## WORK REQUIRED
Copy nothing but the text: reproduce each line of the listing exactly and leave the pictures out.

## AVAILABLE DATA
----

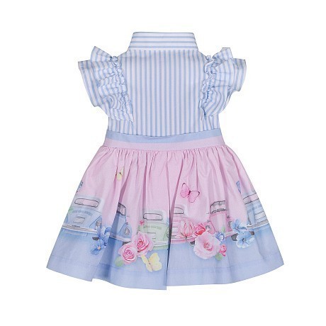 - 🎨 Дизайн: ретро автомобили, цветы, лента на талии, рюши на рукавах
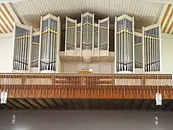 Auf der rückwärtigen Empore befindet sich seit 1993 eine Orgel mit insgesamt 32 Registern auf zwei Manualen und Pedal. Diese wurde von der Firma Orgelbau Sandtner errichtet. Der Prospekt passt sich mit seiner zur Mitte hin ansteigenden Form der Dachneigung an. Dabei ist das Gehäuse in drei Felder aufgeteilt. Die beiden äußeren Felder sind ihrerseits wiederum dreiteilig und enthalten die längeren Orgelpfeifen; das mittlere mit den kürzeren Orgelpfeifen ist fünfteilig.[6]
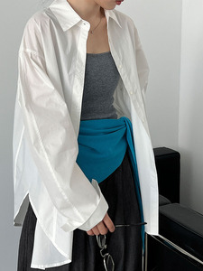 鹿西 韩系简约百搭翻领衬衫女早秋新款时髦慵懒长袖上衣8523
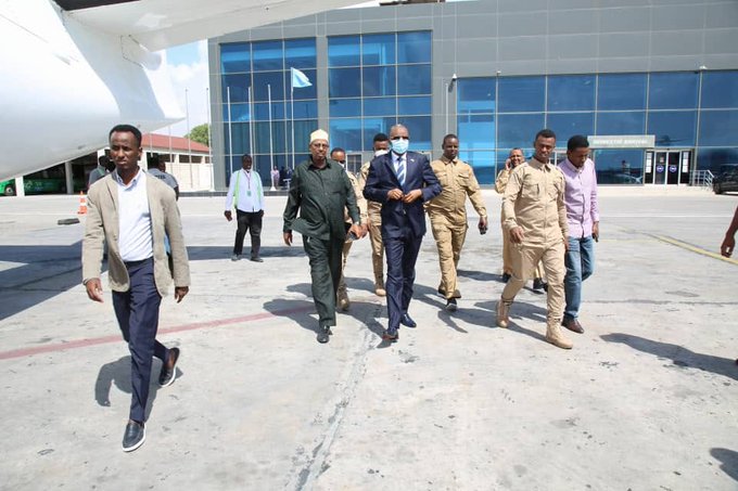 Madaxweyne Cabdicaiis Lafta-gareen oo Goordhow ka ambabaxay Garoonka diyaaradaha Aadan Cadde ee Muqdisho ayaa waxaa socdaalkiisa ku wehlinaya Wasiiro, Xildhibaano iyo Mas’uuliyiin ka tirsan Maamulka koonfur Galbeed.

----

## EXERCISE ANSWER
 - 🎨 Дизайн: ретро автомобили, цветы, лента на талии, рюши на рукавах
 Auf der rückwärtigen Empore befindet sich seit 1993 eine Orgel mit insgesamt 32 Registern auf zwei Manualen und Pedal. Diese wurde von der Firma Orgelbau Sandtner errichtet. Der Prospekt passt sich mit seiner zur Mitte hin ansteigenden Form der Dachneigung an. Dabei ist das Gehäuse in drei Felder aufgeteilt. Die beiden äußeren Felder sind ihrerseits wiederum dreiteilig und enthalten die längeren Orgelpfeifen; das mittlere mit den kürzeren Orgelpfeifen ist fünfteilig.[6]
 鹿西 韩系简约百搭翻领衬衫女早秋新款时髦慵懒长袖上衣8523
 Madaxweyne Cabdicaiis Lafta-gareen oo Goordhow ka ambabaxay Garoonka diyaaradaha Aadan Cadde ee Muqdisho ayaa waxaa socdaalkiisa ku wehlinaya Wasiiro, Xildhibaano iyo Mas’uuliyiin ka tirsan Maamulka koonfur Galbeed.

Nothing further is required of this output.